A former Securities and Exchange Commission lawyer has publicly backed Ripple’s position that speculation alone should not be enough to trigger securities regulation.
The comments, submitted as part of the SEC’s ongoing Crypto Task Force consultation, add weight to a growing policy argument that draws a sharper line between investment contracts and the assets that may trade around them.
The submission was written by Teresa Goody Guillén, a former SEC attorney, and published Monday on the commission’s website as public input.
Her response addressed a January 9 letter from Ripple, which warned against regulatory frameworks that treat a crypto asset as a security simply because buyers hope its price will rise.
Guillén agreed with Ripple’s core concern, stating that approaches relying on a “passive economic interest” risk confusing market speculation with legally enforceable investment rights.
In her letter, Guillén clarified that her own academic work on digital asset market structure had been cited by Ripple not as an endorsement of such conflation, but as part of a broader discussion on how economic factors should be assessed.
She emphasized that no single factor, including speculative intent, should be determinative when applying securities laws to digital assets.
Instead, she argued, those factors must be weighed on a sliding scale grounded in legal obligations and historical regulatory practice.

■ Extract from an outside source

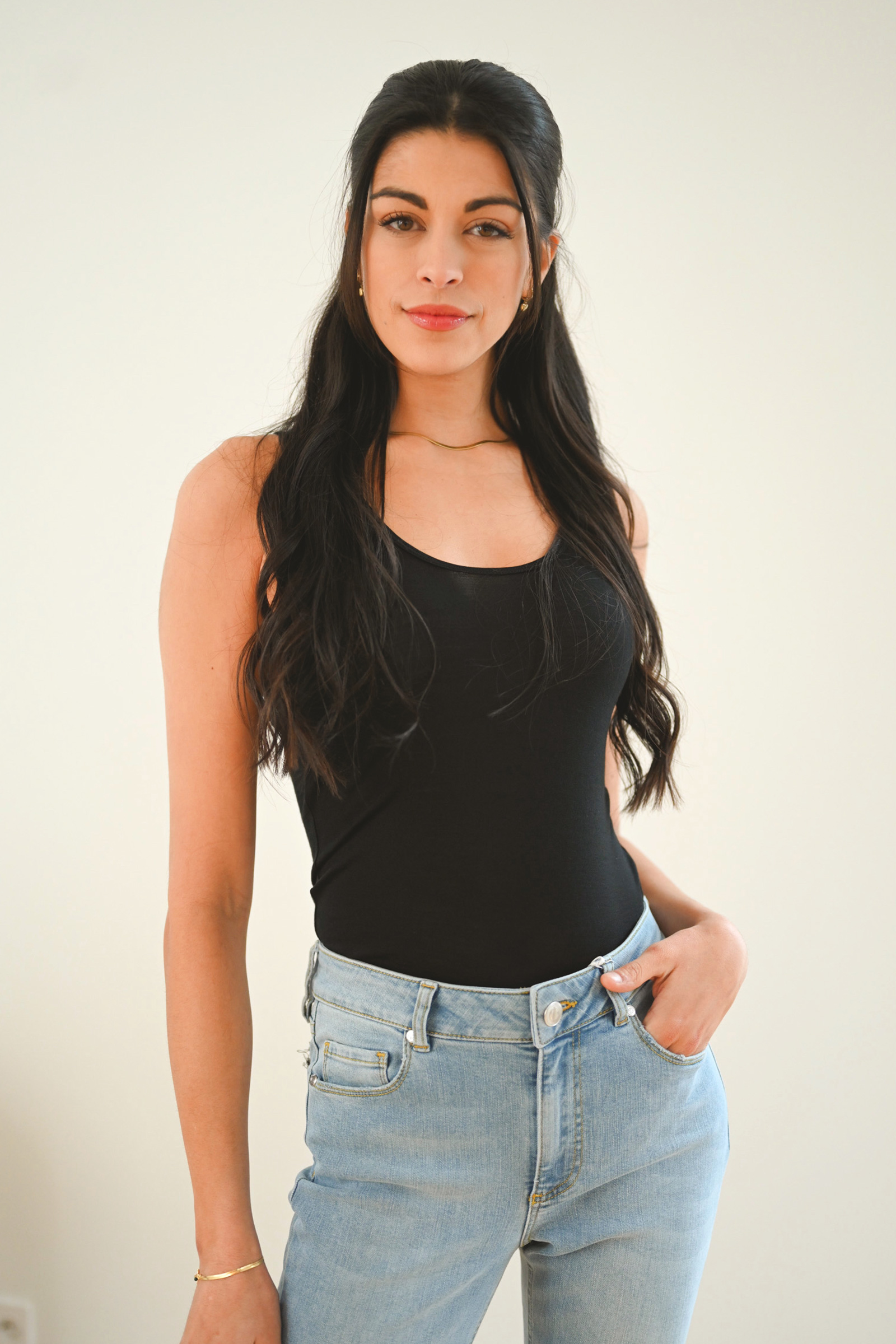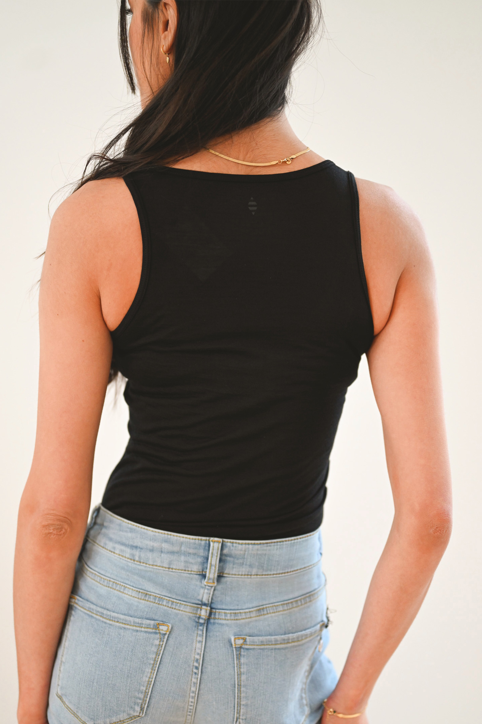 En tynnere singlett fra Panos Emporio i sort. Overdelen er laget i en miks av ull og tencel som regulerer kroppstemperaturen. Den perfekte base, både sommer og vinter, og kan styles både til fest og trening.

Ripple’s original submission to the SEC’s Crypto Task Force came as Congress considered the CLARITY Act.
Source: sec.govAt the center of Ripple’s argument is the distinction between an asset and the transaction through which it may have been sold.
The company maintains that once an issuer’s enforceable promises have been fulfilled or expired, the asset itself should not remain subject to securities regulation indefinitely.
Treating it otherwise, the company argued, would collapse the difference between a contract and a commodity-like asset, expanding regulatory authority beyond its intended limits.
Ripple also pushed back against regulatory approaches that rely heavily on the “efforts of others” prong of the Howey test.
The company said focusing solely on buyers’ expectations of others’ efforts overlooks key elements of an investment contract, including a common enterprise and enforceable profit rights.
It added that price speculation alone does not make an asset a security unless it involves a legal claim on an issuer.
Guillén’s submission aligns with that view while stopping short of endorsing any single legislative proposal.
Separately, she released a discussion draft for a proposed Digital Markets Restructure Act of 2026, which has not been adopted by the SEC or the CFTC.
The draft outlines a new classification called “Digital Value Instruments” for assets that do not fit cleanly into existing securities or commodities frameworks and proposes a risk-based division of regulatory oversight between agencies.
The comments were part of a broader wave of submissions filed in late January, as industry participants, policy groups, and former regulators weighed in on market integrity, tokenization, and cross-border supervision.
Several contributors warned against broad exemptions for decentralized trading platforms.
Meanwhile, others urged Congress and regulators to preserve core investor protections without forcing digital assets into disclosure regimes designed for traditional equities.
The policy debate is unfolding as legislative momentum has slowed in the Senate.
This week, a winter storm in Washington delayed the Senate Agriculture Committee’s first markup vote on digital asset market structure legislation, further complicating an already uncertain timeline.
The Banking Committee’s parallel effort on the CLARITY Act has also been pushed back, leaving the Agriculture Committee’s bill as the most immediate vehicle for reform, despite visible partisan divisions.